TASK TO CARRY OUT ▸ The lines from the top of the material through the line with "Máy rửa chén COMFEE" are to be set down exactly. Leave the pictures out.

____ INPUT RECORDS

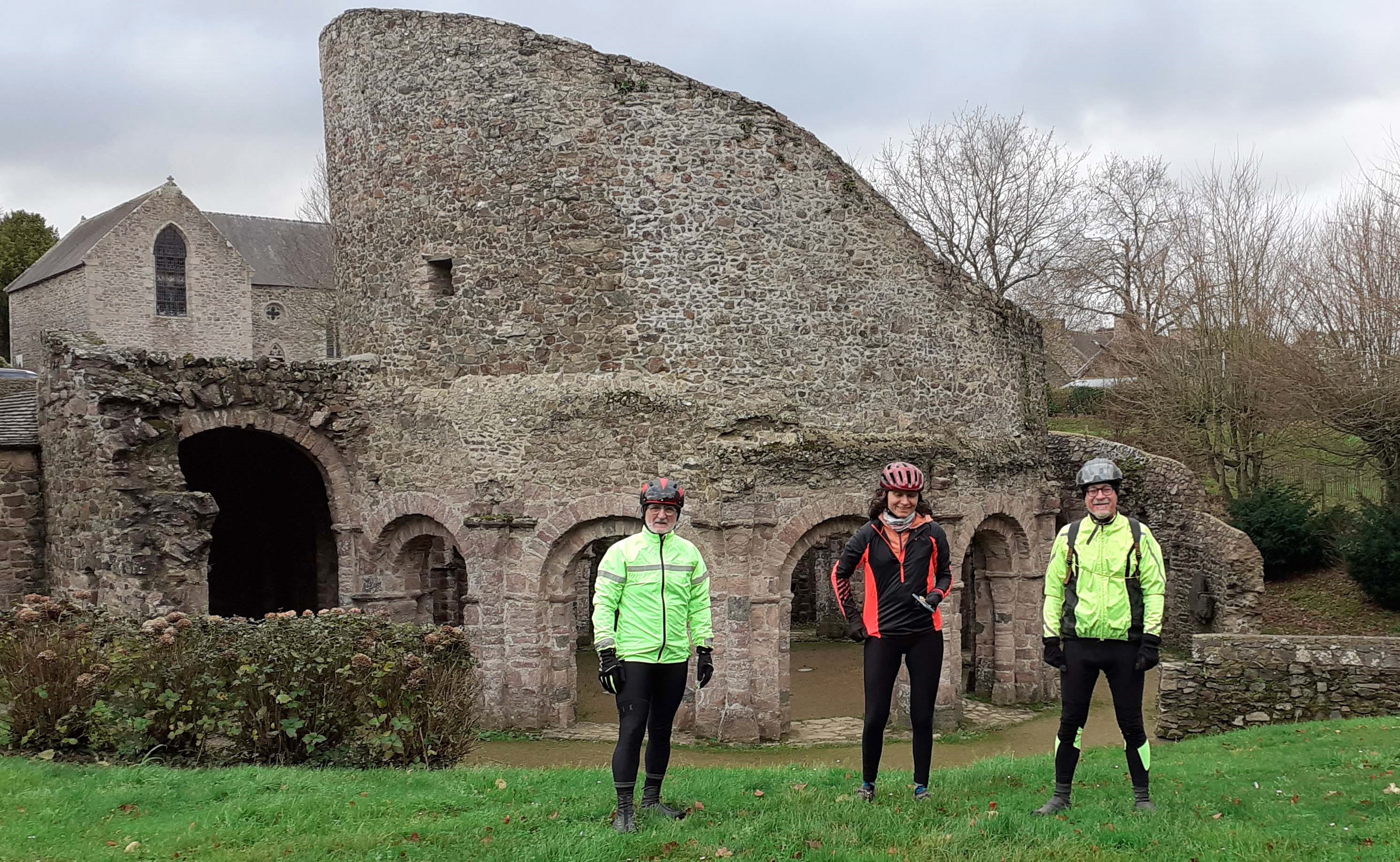 Quatre cyclos de l'A.C.G. ont bravé la pluie et surtout le vent ce dimanche 8 décembre. Leur périple les a menés au Temple de Lanleff qui est sans doute le plus ancien édifice du Haut Moyen-Age encore visible en Côtes d'Armor. Remarquable par ses deux enceintes concentriques, du plus pur style roman primitif, il compté plus de 140 éléments décoratifs qui ornent les chapiteaux et les bases de colonnes. Le charme du bâtiment se trouve renforcé par le mystère de sa véritable origine toujours inconnue et débattue...
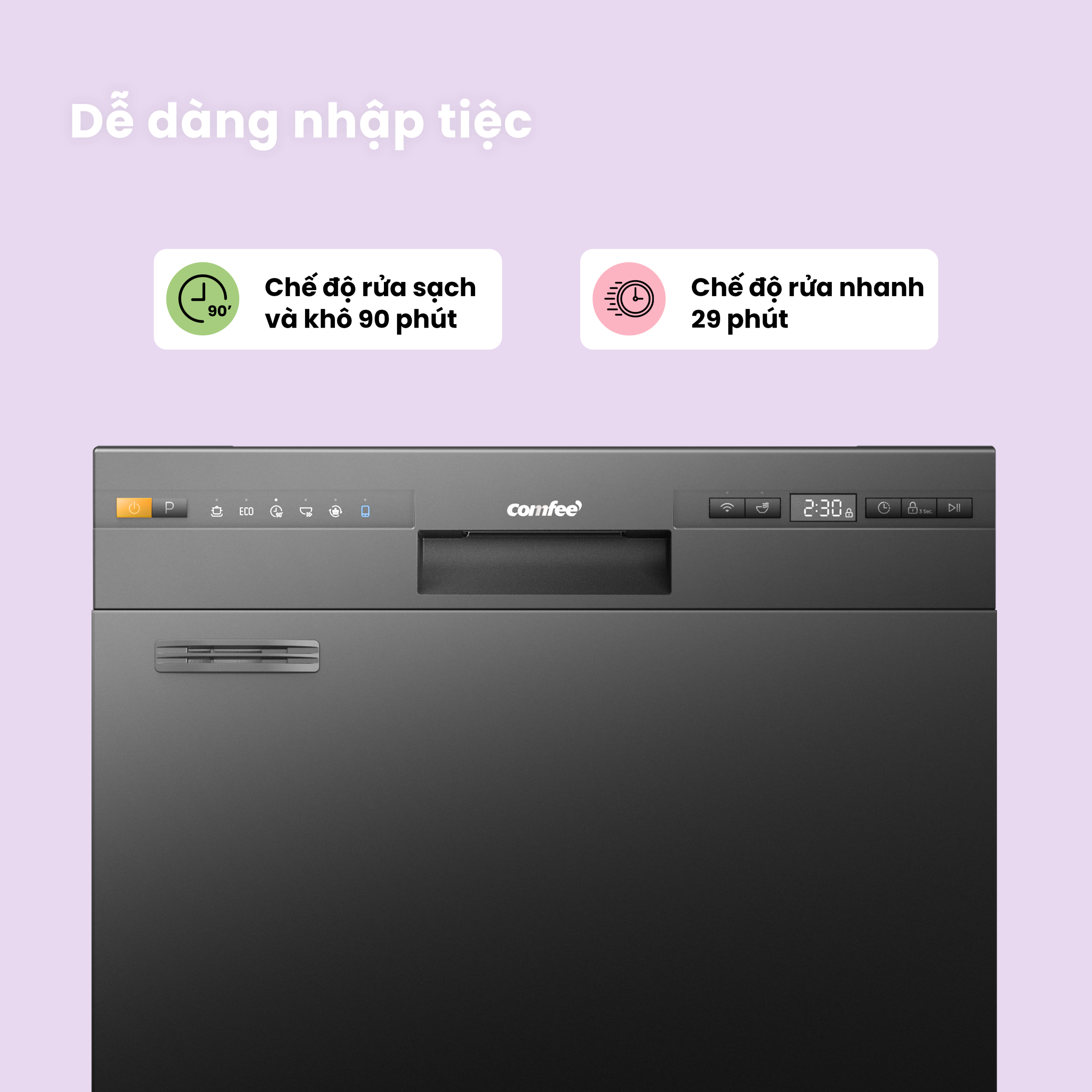 Máy rửa chén COMFEE CDW 10F60TB sẽ khiến bạn ngạc nhiên với hiệu suất xuất sắc cùng công nghệ tiên tiến và thiết kế hiện đại sẽ tô điểm căn bếp của bạn. Dù là thiết kế âm tủ, độc lập hay để bàn, máy rửa chén CDW-10F60TB-1 của Comfee không làm mất đi sự hài hòa với bất kỳ phong cách trang trí nào trong ngôi nhà của bạn.
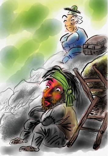 차돌은 코피가 터졌다. 개울에 내려가 코피를 씻고 나니 누군가 얼굴을 닦아주는데 코끝에 이상한 냄새가 풍겨 쳐다봤더니 얼굴이 화사한 마님이 옆에 앉아 속치마로 차돌 얼굴을 닦아주는 것이다. 속치마에 묻힌 얼굴이 새빨간 홍당무가 됐다.
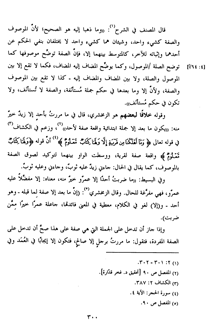 وقوله خلافًا لبعضهم هو الزمخشري، قال في ما مررت بأحد إلا زيد خير منه: "يكون ما بعد إلا جملة ابتدائية واقعة صفة لأحد"، وزعم في الكشاف في قوله تعالى {ومَا أَهْلَكْنَا مِن قَرْيَةٍ إلاَّ ولَهَا كِتَابٌ مَّعْلُومٌ} أن قوله {ولَهَا كِتَابٌ مَّعْلُومٌ} واقعة صفة لقرية، ووسطت الواو بينهما لتوكيد لصوق الصفة بالموصوف، كما يقال في الحال: جاءني زيد عليه ثوب، وجاءني وعليه ثوب.
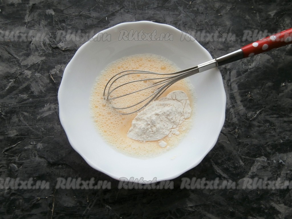 Хорошо взбить молочно-яичную смесь венчиком, всыпать муку.

________

REPLY ▸
 Quatre cyclos de l'A.C.G. ont bravé la pluie et surtout le vent ce dimanche 8 décembre. Leur périple les a menés au Temple de Lanleff qui est sans doute le plus ancien édifice du Haut Moyen-Age encore visible en Côtes d'Armor. Remarquable par ses deux enceintes concentriques, du plus pur style roman primitif, il compté plus de 140 éléments décoratifs qui ornent les chapiteaux et les bases de colonnes. Le charme du bâtiment se trouve renforcé par le mystère de sa véritable origine toujours inconnue et débattue...
 Máy rửa chén COMFEE CDW 10F60TB sẽ khiến bạn ngạc nhiên với hiệu suất xuất sắc cùng công nghệ tiên tiến và thiết kế hiện đại sẽ tô điểm căn bếp của bạn. Dù là thiết kế âm tủ, độc lập hay để bàn, máy rửa chén CDW-10F60TB-1 của Comfee không làm mất đi sự hài hòa với bất kỳ phong cách trang trí nào trong ngôi nhà của bạn.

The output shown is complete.